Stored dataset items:
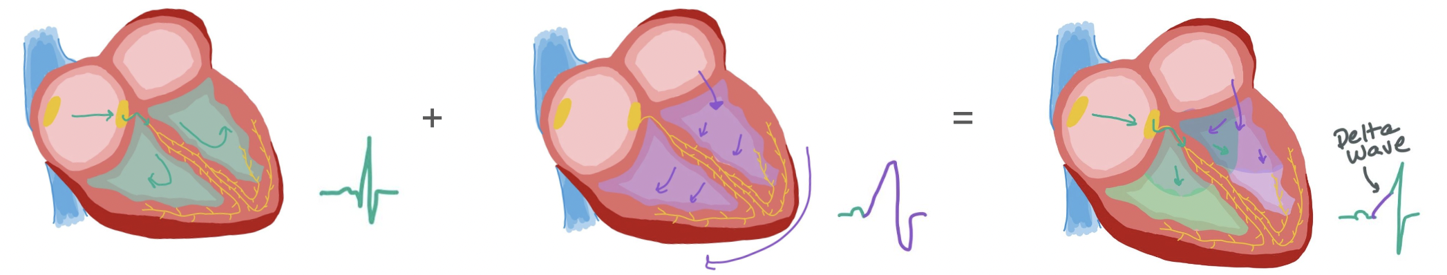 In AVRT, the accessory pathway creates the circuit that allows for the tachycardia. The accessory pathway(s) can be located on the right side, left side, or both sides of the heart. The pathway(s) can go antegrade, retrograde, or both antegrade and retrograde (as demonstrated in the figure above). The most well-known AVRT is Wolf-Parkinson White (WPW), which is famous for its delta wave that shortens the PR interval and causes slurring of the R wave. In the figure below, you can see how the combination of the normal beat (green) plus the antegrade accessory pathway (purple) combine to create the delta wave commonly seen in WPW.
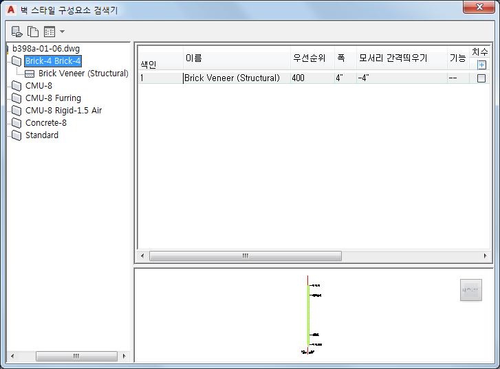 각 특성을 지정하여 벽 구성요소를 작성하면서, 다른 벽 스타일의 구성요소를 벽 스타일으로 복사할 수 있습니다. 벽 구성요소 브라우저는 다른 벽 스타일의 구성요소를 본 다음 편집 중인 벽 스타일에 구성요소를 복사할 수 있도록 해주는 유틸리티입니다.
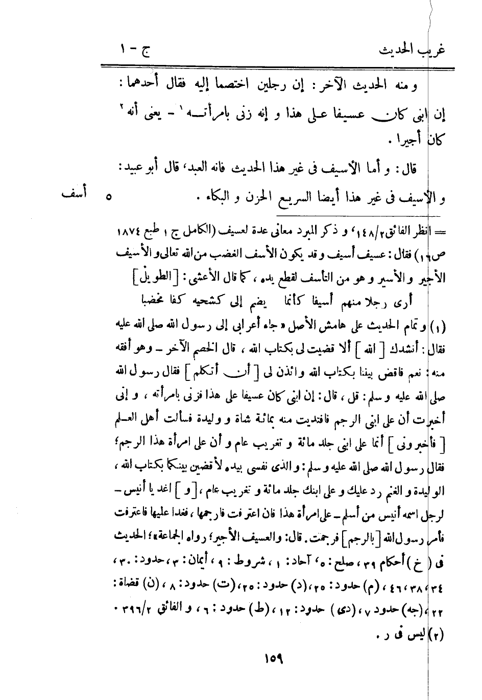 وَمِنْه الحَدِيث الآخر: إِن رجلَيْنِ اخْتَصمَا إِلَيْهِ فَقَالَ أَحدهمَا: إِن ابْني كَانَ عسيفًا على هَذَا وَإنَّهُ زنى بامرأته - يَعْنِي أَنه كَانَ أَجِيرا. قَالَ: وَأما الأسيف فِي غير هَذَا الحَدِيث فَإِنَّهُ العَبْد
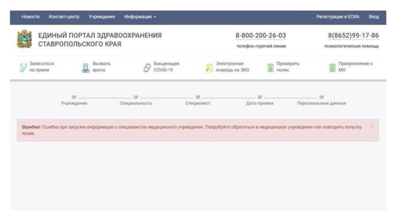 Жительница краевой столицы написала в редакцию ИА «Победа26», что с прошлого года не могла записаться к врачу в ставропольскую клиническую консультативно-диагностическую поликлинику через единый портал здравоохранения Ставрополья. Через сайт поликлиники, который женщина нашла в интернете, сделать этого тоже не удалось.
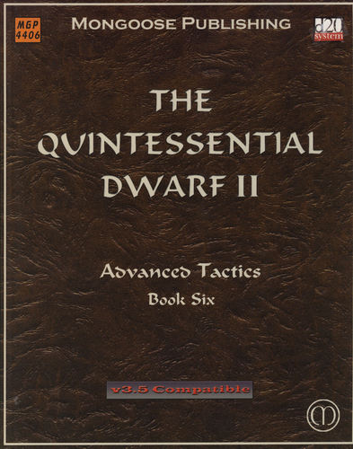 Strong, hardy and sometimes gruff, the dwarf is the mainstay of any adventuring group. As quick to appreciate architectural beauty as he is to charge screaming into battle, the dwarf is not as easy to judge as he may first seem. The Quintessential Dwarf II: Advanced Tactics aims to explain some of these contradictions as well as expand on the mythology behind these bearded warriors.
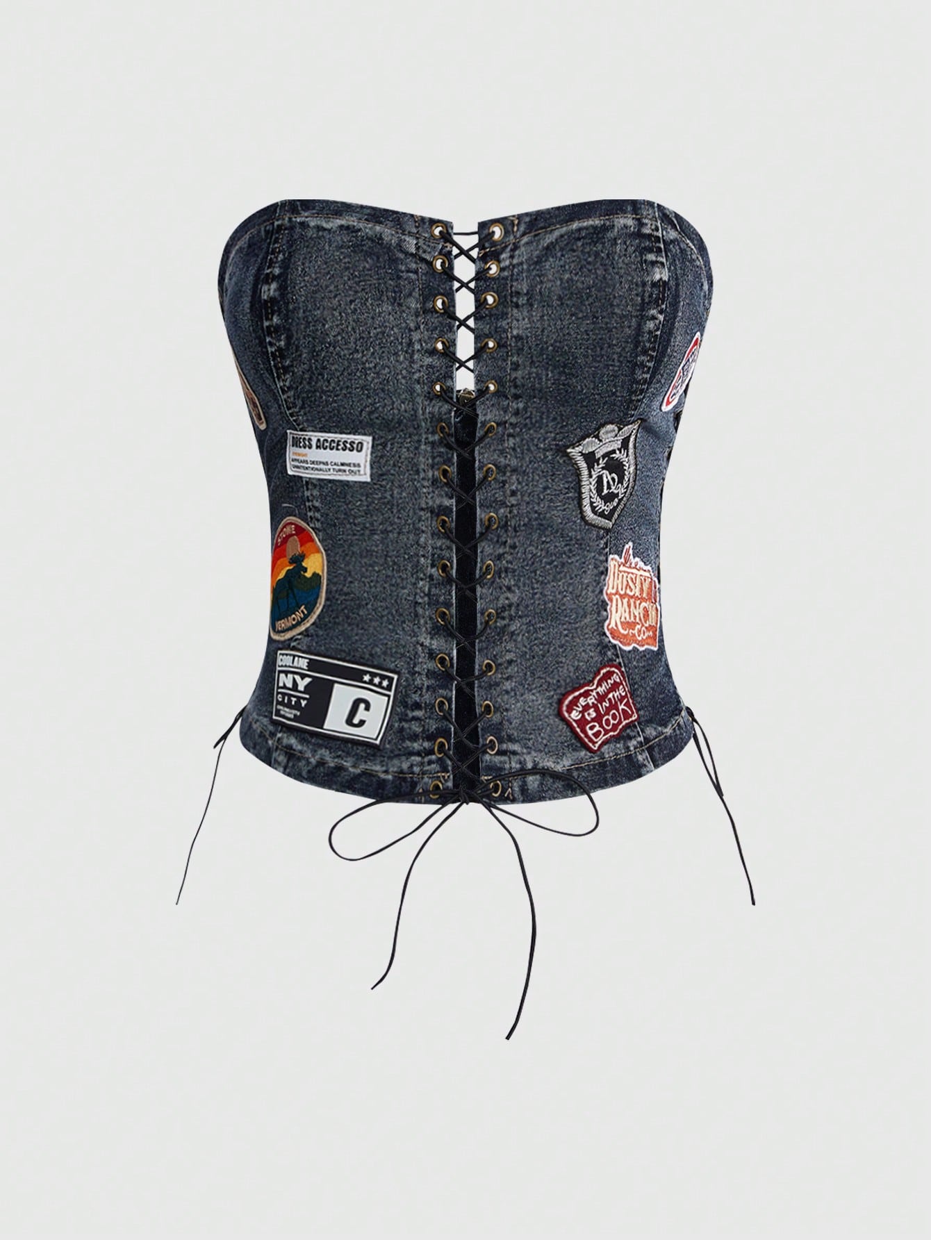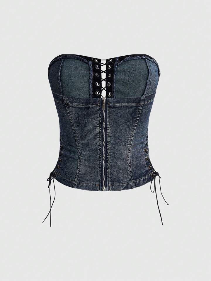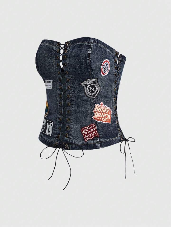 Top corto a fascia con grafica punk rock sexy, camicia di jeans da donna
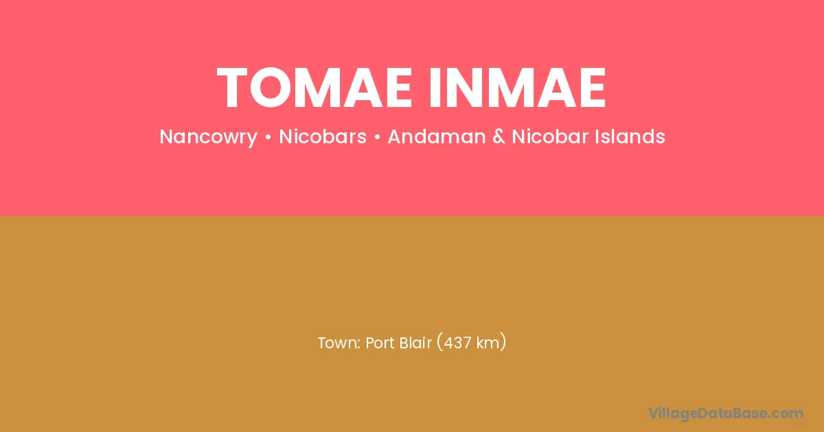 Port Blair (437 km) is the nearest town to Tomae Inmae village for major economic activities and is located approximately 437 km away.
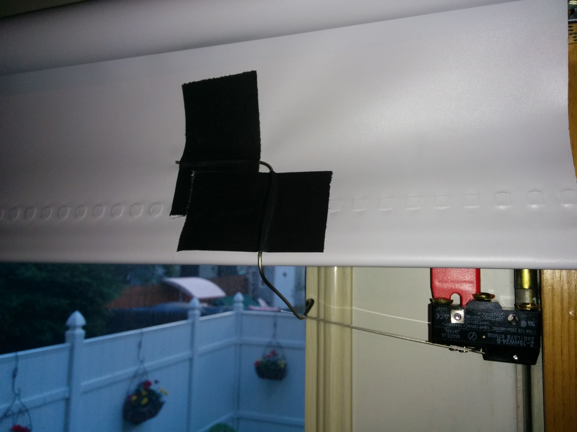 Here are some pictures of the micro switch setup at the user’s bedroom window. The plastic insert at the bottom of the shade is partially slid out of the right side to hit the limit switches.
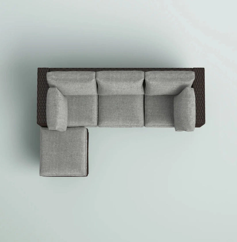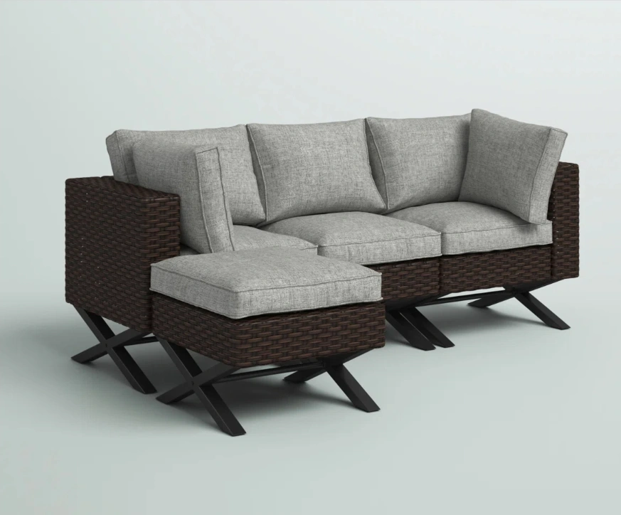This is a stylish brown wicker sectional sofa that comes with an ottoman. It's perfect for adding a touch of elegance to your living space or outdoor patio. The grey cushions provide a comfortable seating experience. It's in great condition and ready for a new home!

Exercise
I would like you to set down the lines above, from the one containing "Top corto a" to the final line, exactly as written and without pictures.

Response to the exercise
 Top corto a fascia con grafica punk rock sexy, camicia di jeans da donna
 Port Blair (437 km) is the nearest town to Tomae Inmae village for major economic activities and is located approximately 437 km away.
 Here are some pictures of the micro switch setup at the user’s bedroom window. The plastic insert at the bottom of the shade is partially slid out of the right side to hit the limit switches.
This is a stylish brown wicker sectional sofa that comes with an ottoman. It's perfect for adding a touch of elegance to your living space or outdoor patio. The grey cushions provide a comfortable seating experience. It's in great condition and ready for a new home!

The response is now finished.